No worries! I also posted about this here:

hi @Dave!

I tried your code, and i don’t know why but my core is stopping usually after the 4th loop.

This is my code:

#define LIB_DOMAIN "domain.com"
TCPClient client;

void setup() {
Serial.begin(9600); 
}

void loop() {
delay(5000);
client.connect(LIB_DOMAIN, 80);
client.println("GET /example.php?arg1=value&arg2=another HTTP/1.0");
client.println("Host: " LIB_DOMAIN);
client.println("Content-Length: 0");
client.println();
Serial.println("test v1.1"); 
}

I’m monitoring both the server (from the example.php) and through the Serial port, and after the first 3-4 attempts usually the core just stops doing it’s job. I can’t even update the firmware, can’t do anything with it.

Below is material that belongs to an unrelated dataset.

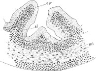 Figure 6B represents a typical section through the pharynx. Its plane is approximately shown by the line 400 of figure 6A though the plane apparently does not cut the eye, e. The pharynx, ph, has here the outline of an irregular V. Its walls, except at the outer angles of the clefts, g1, are composed of but a single layer of cells. In the dorsal wall these cells are flattened, while in the ventral wall they are more rounded. This difference in the shape of the cells accounts for the slightly greater thickness of the floor over that of the roof of the pharynx. The gill clefts no longer communicate with the exterior.

Usually it ends up with a hard reset :frowning:

Do you have any ideas what can be the issue? Any other -more stable- method to send variables to a server within 3-5-10seconds? (I need to push these as the actions will be triggered by the user, calling the core won’t be a solution at this project.)

Thank you,
Noten

I think it opens new socket every loop, so it hits limit after ~4 times. I’m not sure if as simple as delay(100) and client.stop() at end helps, or do you have to make if-else structure to reuse already estabilished connection.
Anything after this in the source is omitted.